:: Task objective ::
Write every line of the material again exactly, with no pictures in the copy.

┌──

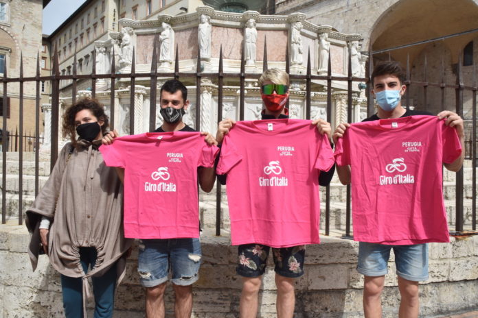 I tre campioni che ieri hanno percorso anche in bicicletta la città di Perugia sono stati omaggiati della maglia ufficiale del Giro d’Italia, in arrivo in città il prossimo 19 maggio, e dello stemma della città di Perugia dall’Assessore Clara Pastorelli.
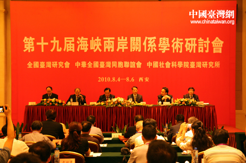 中國(guó)臺(tái)灣網(wǎng)8月4日西安消息 以“ECFA與兩岸關(guān)系發(fā)展之展望”為主題的第十九屆兩岸關(guān)系學(xué)術(shù)研討會(huì),8月4日在西安隆重開(kāi)幕。來(lái)自海峽兩岸的百余位專家學(xué)者齊聚一堂,共同展望新形勢(shì)下兩岸關(guān)系發(fā)展前景。本次研討會(huì)在兩岸簽署經(jīng)濟(jì)合作框架協(xié)議的背景下,圍繞兩岸經(jīng)濟(jì)發(fā)展趨勢(shì)、兩岸文教交流的現(xiàn)狀與發(fā)展,以及其他相關(guān)議題進(jìn)行研討,具有十分重要的現(xiàn)實(shí)意義。
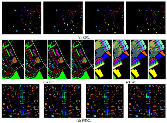Figure 9 shows the classification result maps of the three methods, 3DCNN, ViT, and CWSN, on four datasets in a noise-free environment. In the KSC image in Figure 9a, the CWSN model demonstrates its strong classification ability, which is the closest to the ground truth. In contrast, the 3DCNN and ViT methods exhibit more misclassification in the boxed region of the image, resulting in a large gap between the classification results and the ground truth. The results of the dataset in Figure 9b (UP) show that the classification results of the 3DCNN and ViT methods have a large amount of salt-and-pepper noise, whereas the classification results of the CWSN are the smoothest, and are significantly better than those of the other methods, although a small amount of misclassification still exists. The classification results of the SV and WDC datasets also lead to similar conclusions. Especially in the circled part, the CWSN model performs significantly better than the other methods, and the classification results are the closest to the ground-truth images.
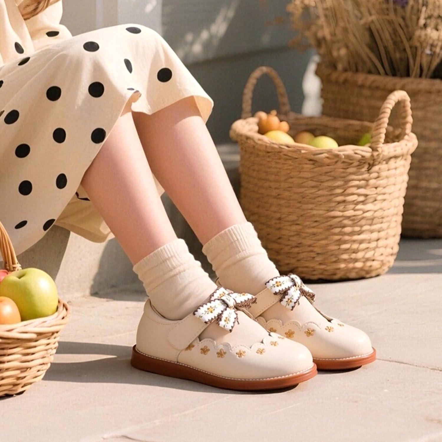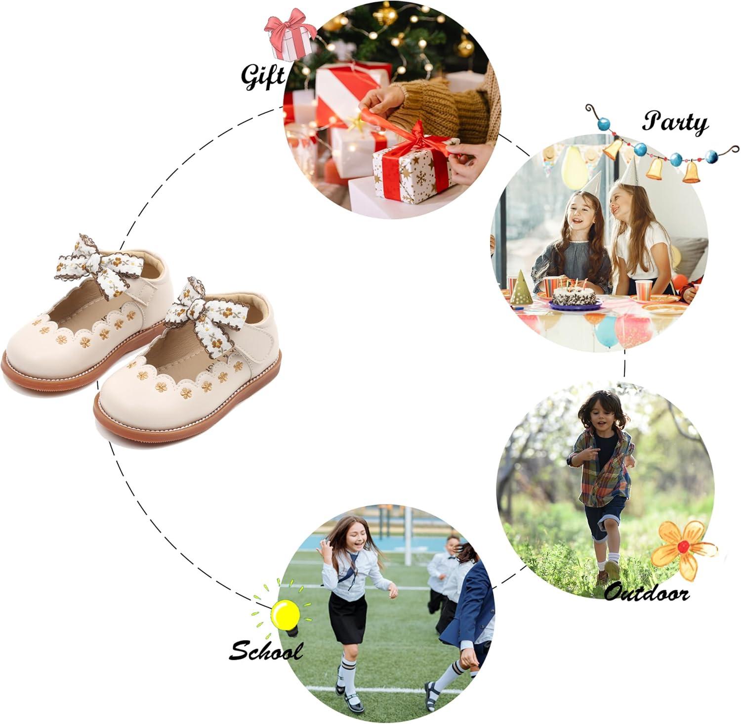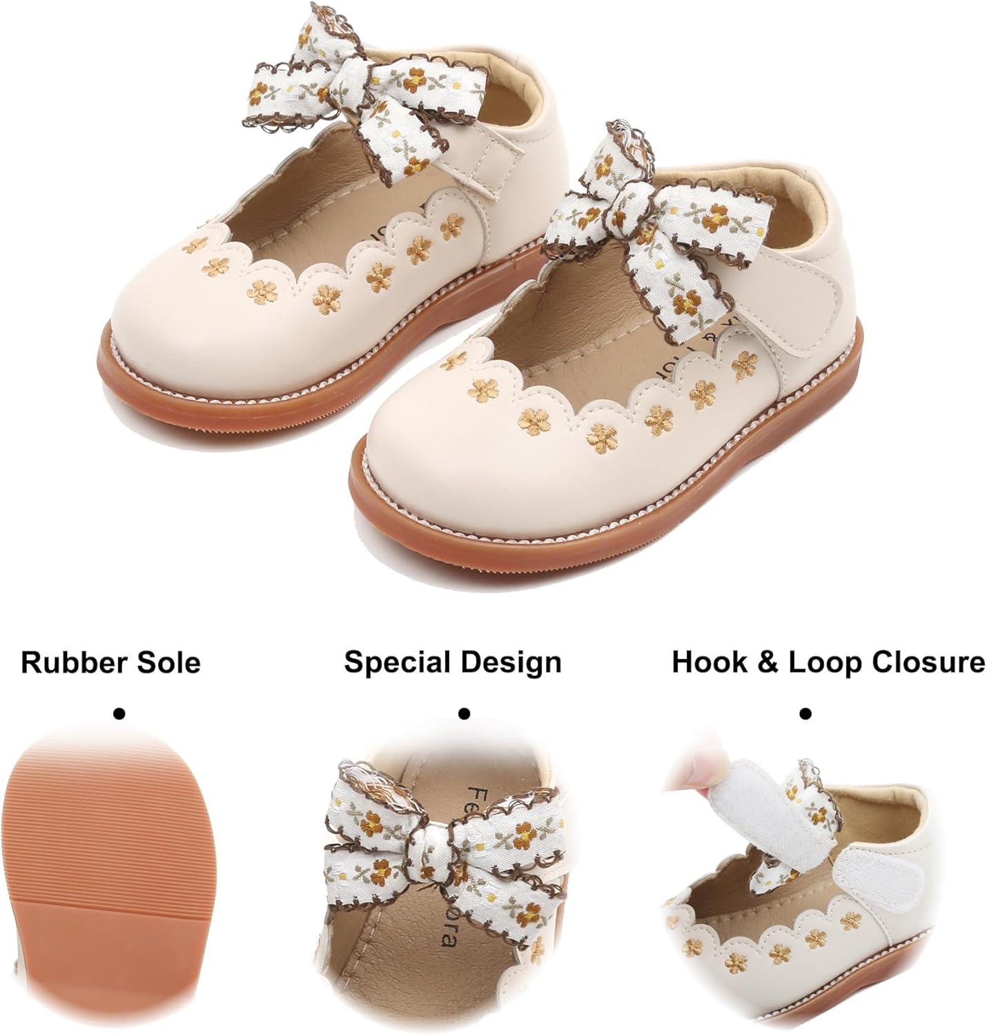 Felix & Flora Toddler Little Girl Mary Jane Dress Shoes – Ballet Flats for Girl Party School Shoes(B402-beige)
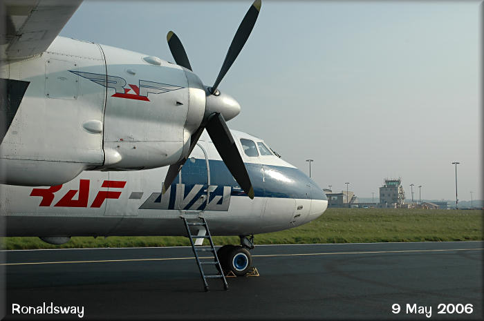 Another view of RafAvia AN26, YL-RAB, with the Ronaldsway control tower

└──

:: Problem solution ::
 I tre campioni che ieri hanno percorso anche in bicicletta la città di Perugia sono stati omaggiati della maglia ufficiale del Giro d’Italia, in arrivo in città il prossimo 19 maggio, e dello stemma della città di Perugia dall’Assessore Clara Pastorelli.
 中國(guó)臺(tái)灣網(wǎng)8月4日西安消息 以“ECFA與兩岸關(guān)系發(fā)展之展望”為主題的第十九屆兩岸關(guān)系學(xué)術(shù)研討會(huì),8月4日在西安隆重開(kāi)幕。來(lái)自海峽兩岸的百余位專家學(xué)者齊聚一堂,共同展望新形勢(shì)下兩岸關(guān)系發(fā)展前景。本次研討會(huì)在兩岸簽署經(jīng)濟(jì)合作框架協(xié)議的背景下,圍繞兩岸經(jīng)濟(jì)發(fā)展趨勢(shì)、兩岸文教交流的現(xiàn)狀與發(fā)展,以及其他相關(guān)議題進(jìn)行研討,具有十分重要的現(xiàn)實(shí)意義。
Figure 9 shows the classification result maps of the three methods, 3DCNN, ViT, and CWSN, on four datasets in a noise-free environment. In the KSC image in Figure 9a, the CWSN model demonstrates its strong classification ability, which is the closest to the ground truth. In contrast, the 3DCNN and ViT methods exhibit more misclassification in the boxed region of the image, resulting in a large gap between the classification results and the ground truth. The results of the dataset in Figure 9b (UP) show that the classification results of the 3DCNN and ViT methods have a large amount of salt-and-pepper noise, whereas the classification results of the CWSN are the smoothest, and are significantly better than those of the other methods, although a small amount of misclassification still exists. The classification results of the SV and WDC datasets also lead to similar conclusions. Especially in the circled part, the CWSN model performs significantly better than the other methods, and the classification results are the closest to the ground-truth images.
 Felix & Flora Toddler Little Girl Mary Jane Dress Shoes – Ballet Flats for Girl Party School Shoes(B402-beige)
 Another view of RafAvia AN26, YL-RAB, with the Ronaldsway control tower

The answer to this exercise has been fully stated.